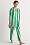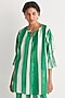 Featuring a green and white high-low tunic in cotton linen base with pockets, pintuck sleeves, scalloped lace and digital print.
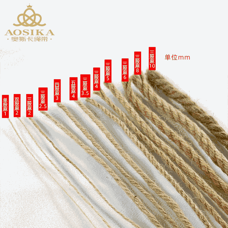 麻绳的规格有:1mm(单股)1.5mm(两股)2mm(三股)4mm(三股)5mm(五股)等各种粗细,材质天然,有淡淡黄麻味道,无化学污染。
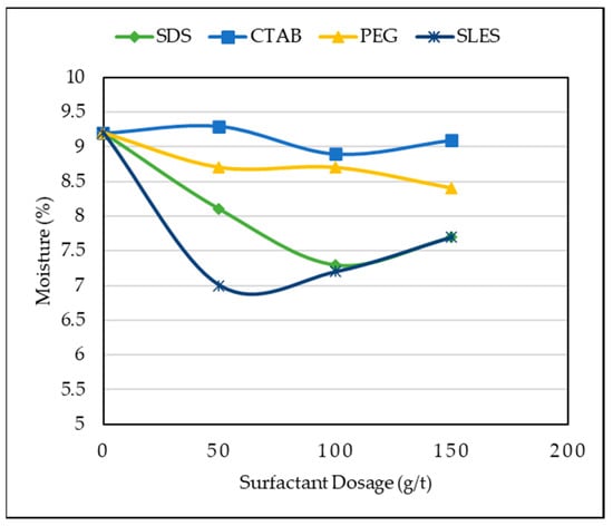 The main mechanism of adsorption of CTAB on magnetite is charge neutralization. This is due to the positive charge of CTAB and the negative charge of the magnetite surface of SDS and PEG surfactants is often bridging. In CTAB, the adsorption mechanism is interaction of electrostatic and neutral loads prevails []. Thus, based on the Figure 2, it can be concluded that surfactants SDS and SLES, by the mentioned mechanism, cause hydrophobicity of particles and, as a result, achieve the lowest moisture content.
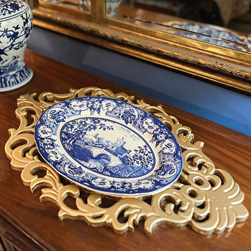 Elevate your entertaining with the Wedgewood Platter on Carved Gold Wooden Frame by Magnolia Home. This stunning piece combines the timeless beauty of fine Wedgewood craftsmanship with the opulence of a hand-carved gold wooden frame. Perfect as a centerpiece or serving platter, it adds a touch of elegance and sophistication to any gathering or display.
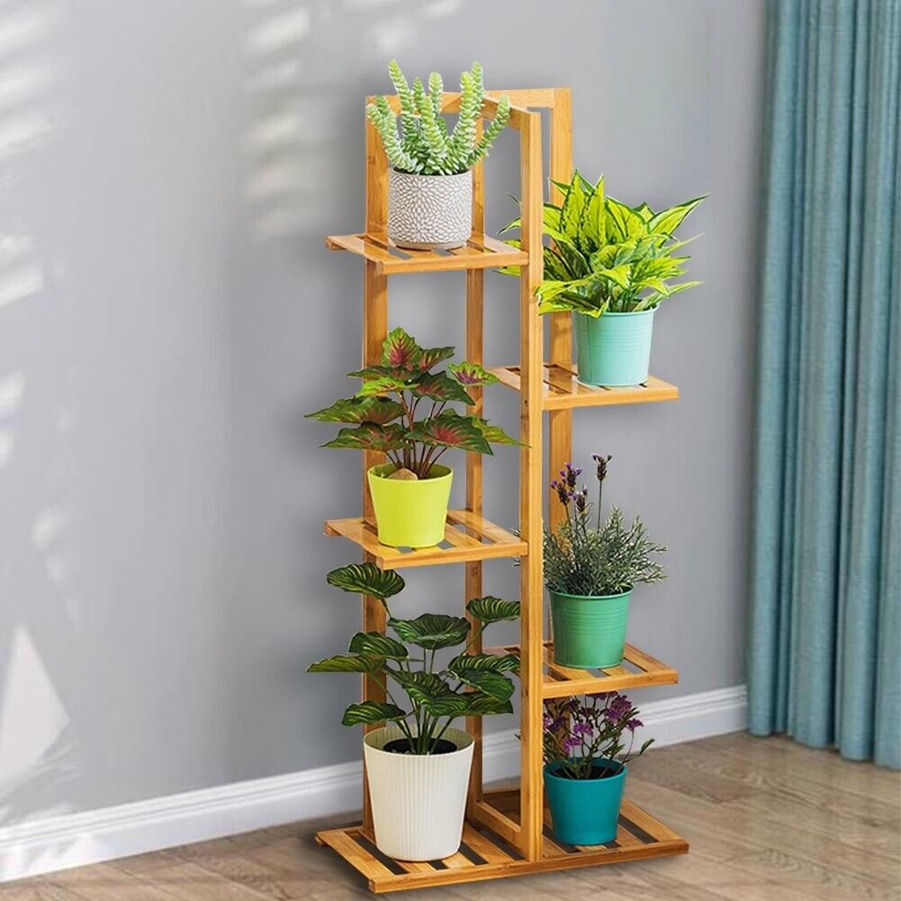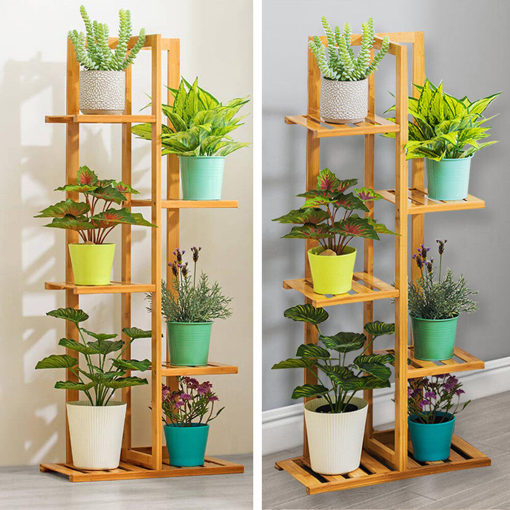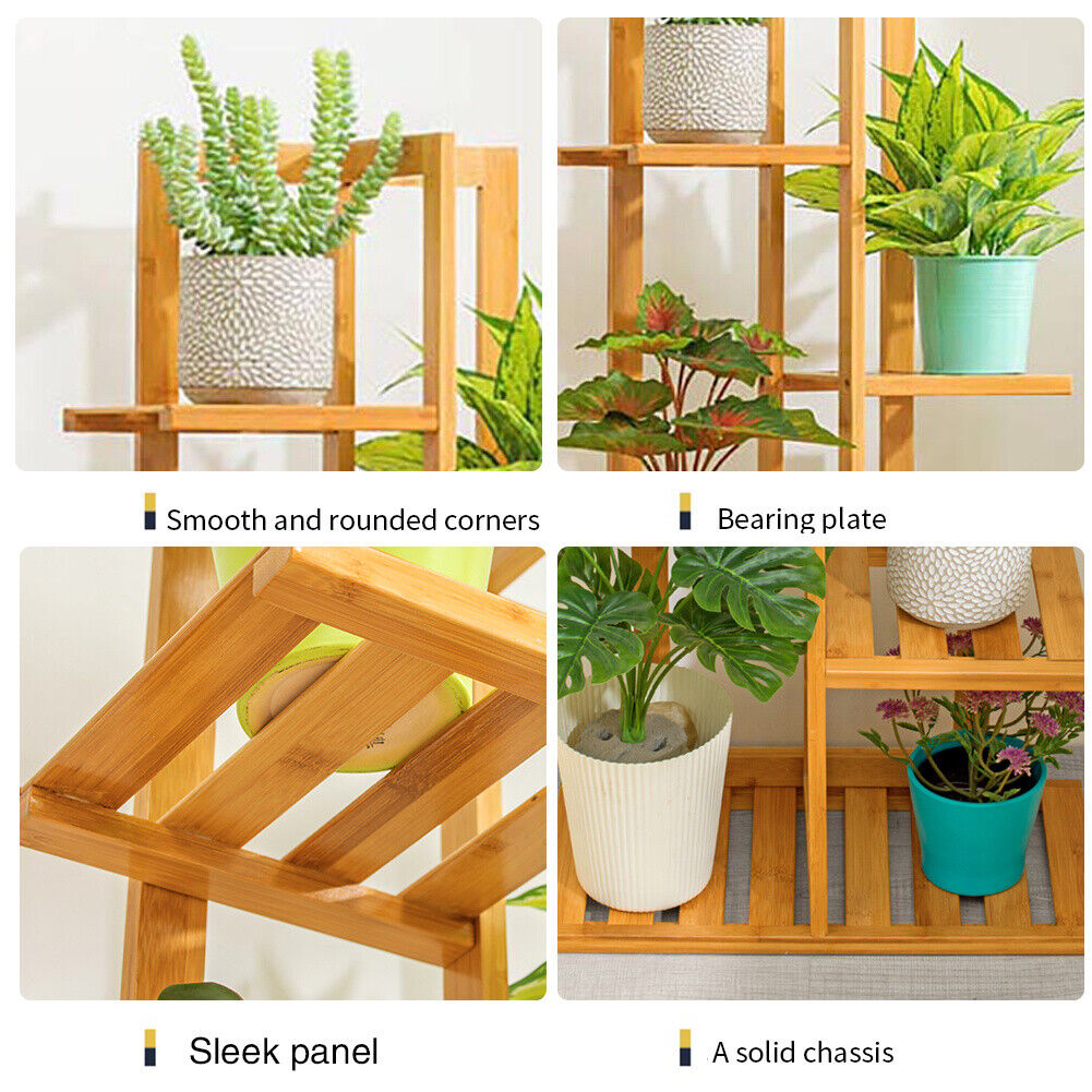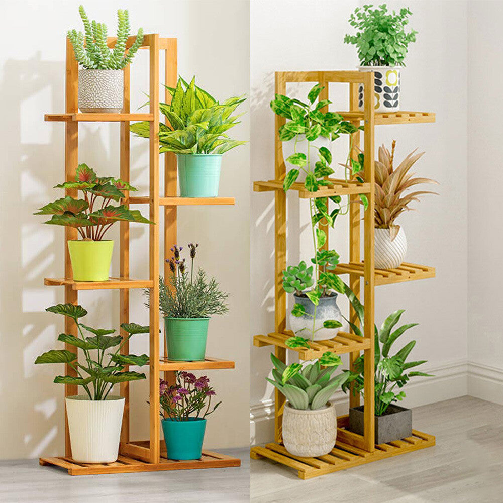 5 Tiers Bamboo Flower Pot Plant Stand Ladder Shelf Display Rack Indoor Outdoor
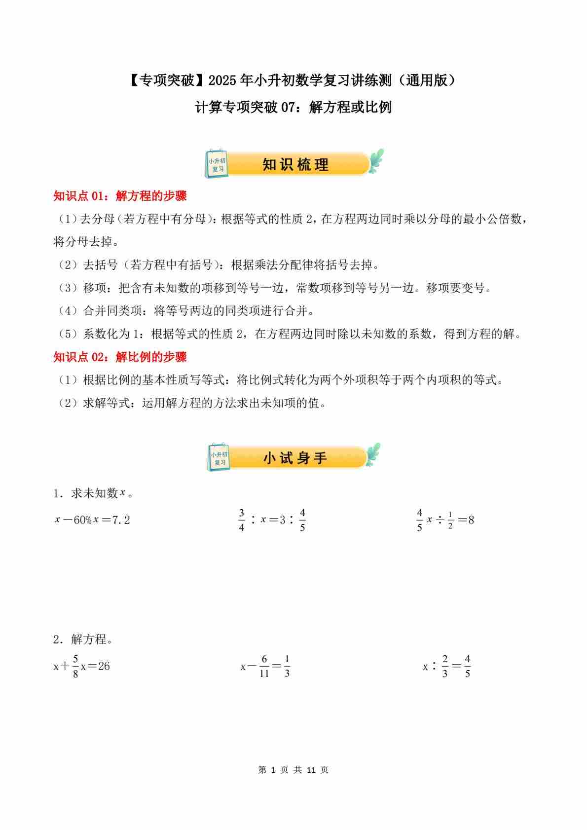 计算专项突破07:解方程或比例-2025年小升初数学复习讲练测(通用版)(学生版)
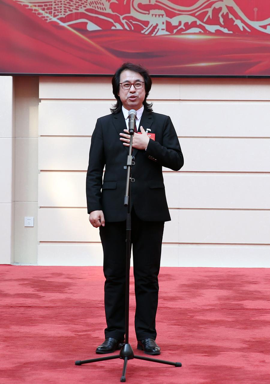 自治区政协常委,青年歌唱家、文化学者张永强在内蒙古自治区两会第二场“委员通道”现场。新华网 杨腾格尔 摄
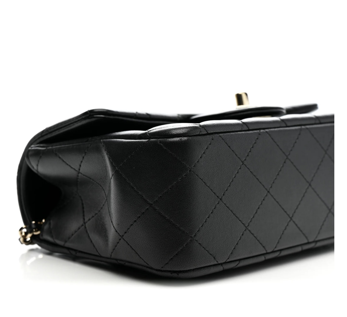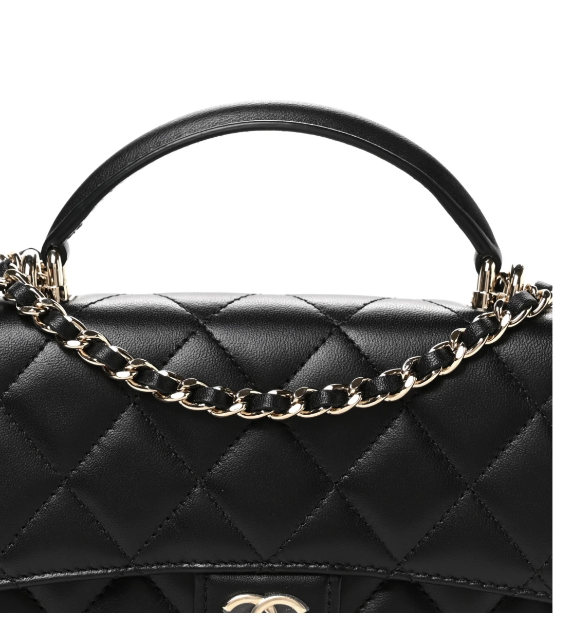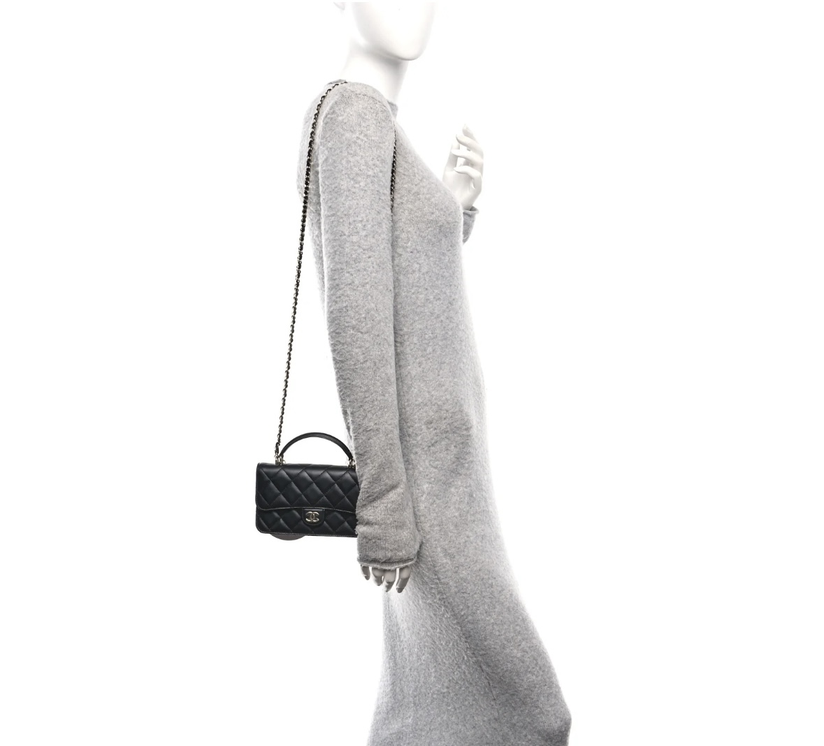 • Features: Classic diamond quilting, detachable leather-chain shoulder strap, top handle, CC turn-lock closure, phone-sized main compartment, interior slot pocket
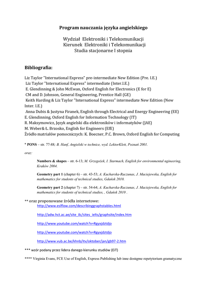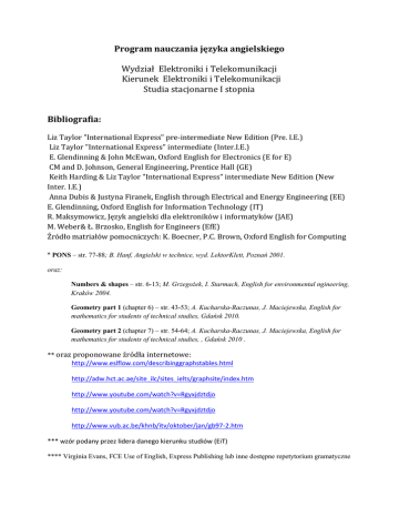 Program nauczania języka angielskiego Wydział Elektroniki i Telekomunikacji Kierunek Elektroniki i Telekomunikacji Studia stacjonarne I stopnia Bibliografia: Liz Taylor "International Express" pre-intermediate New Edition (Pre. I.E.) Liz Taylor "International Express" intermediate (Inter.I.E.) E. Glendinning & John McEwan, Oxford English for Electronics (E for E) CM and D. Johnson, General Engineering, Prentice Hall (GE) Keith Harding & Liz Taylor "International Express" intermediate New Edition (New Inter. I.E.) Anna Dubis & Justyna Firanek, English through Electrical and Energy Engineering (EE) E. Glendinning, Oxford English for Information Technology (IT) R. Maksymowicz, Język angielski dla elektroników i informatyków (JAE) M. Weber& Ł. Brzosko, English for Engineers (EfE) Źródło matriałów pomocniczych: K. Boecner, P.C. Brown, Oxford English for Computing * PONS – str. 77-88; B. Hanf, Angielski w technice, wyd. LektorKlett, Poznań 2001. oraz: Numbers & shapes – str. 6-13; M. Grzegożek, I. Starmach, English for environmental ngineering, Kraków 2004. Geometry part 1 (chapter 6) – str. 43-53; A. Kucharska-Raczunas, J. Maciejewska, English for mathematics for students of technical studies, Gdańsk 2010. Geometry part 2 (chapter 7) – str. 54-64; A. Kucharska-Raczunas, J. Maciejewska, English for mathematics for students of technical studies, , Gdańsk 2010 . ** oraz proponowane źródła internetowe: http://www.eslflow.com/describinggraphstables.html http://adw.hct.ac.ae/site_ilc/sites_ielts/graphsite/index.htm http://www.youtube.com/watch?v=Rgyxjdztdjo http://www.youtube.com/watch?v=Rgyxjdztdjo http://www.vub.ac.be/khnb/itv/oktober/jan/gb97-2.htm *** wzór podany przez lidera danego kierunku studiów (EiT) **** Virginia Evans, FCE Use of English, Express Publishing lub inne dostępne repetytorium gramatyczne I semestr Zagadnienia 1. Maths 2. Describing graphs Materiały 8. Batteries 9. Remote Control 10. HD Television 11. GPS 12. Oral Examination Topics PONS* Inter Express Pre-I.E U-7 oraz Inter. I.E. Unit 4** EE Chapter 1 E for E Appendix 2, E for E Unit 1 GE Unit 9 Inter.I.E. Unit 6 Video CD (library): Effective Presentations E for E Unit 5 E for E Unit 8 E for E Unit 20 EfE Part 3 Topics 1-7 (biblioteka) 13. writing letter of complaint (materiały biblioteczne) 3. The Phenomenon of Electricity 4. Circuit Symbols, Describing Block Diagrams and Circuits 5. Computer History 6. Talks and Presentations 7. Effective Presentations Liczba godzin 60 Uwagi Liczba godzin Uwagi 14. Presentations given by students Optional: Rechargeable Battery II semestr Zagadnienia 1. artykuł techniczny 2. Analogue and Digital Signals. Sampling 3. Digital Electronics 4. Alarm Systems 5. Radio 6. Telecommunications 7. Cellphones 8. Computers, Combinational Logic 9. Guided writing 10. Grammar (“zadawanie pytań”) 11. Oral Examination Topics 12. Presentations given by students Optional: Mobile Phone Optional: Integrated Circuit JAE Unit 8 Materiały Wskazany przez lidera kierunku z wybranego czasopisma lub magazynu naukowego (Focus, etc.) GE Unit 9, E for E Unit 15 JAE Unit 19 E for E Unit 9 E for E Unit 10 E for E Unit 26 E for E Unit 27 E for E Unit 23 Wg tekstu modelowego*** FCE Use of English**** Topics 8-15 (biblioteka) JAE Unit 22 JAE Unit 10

******

**Work to complete**.
Please return exactly the lines above, from where the listing starts to the line holding "interior slot pocket", inclusive, with the pictures omitted.

**Response to this exercise**.
 Featuring a green and white high-low tunic in cotton linen base with pockets, pintuck sleeves, scalloped lace and digital print.
 麻绳的规格有:1mm(单股)1.5mm(两股)2mm(三股)4mm(三股)5mm(五股)等各种粗细,材质天然,有淡淡黄麻味道,无化学污染。
 The main mechanism of adsorption of CTAB on magnetite is charge neutralization. This is due to the positive charge of CTAB and the negative charge of the magnetite surface of SDS and PEG surfactants is often bridging. In CTAB, the adsorption mechanism is interaction of electrostatic and neutral loads prevails []. Thus, based on the Figure 2, it can be concluded that surfactants SDS and SLES, by the mentioned mechanism, cause hydrophobicity of particles and, as a result, achieve the lowest moisture content.
 Elevate your entertaining with the Wedgewood Platter on Carved Gold Wooden Frame by Magnolia Home. This stunning piece combines the timeless beauty of fine Wedgewood craftsmanship with the opulence of a hand-carved gold wooden frame. Perfect as a centerpiece or serving platter, it adds a touch of elegance and sophistication to any gathering or display.
 5 Tiers Bamboo Flower Pot Plant Stand Ladder Shelf Display Rack Indoor Outdoor
 计算专项突破07:解方程或比例-2025年小升初数学复习讲练测(通用版)(学生版)
 自治区政协常委,青年歌唱家、文化学者张永强在内蒙古自治区两会第二场“委员通道”现场。新华网 杨腾格尔 摄
 • Features: Classic diamond quilting, detachable leather-chain shoulder strap, top handle, CC turn-lock closure, phone-sized main compartment, interior slot pocket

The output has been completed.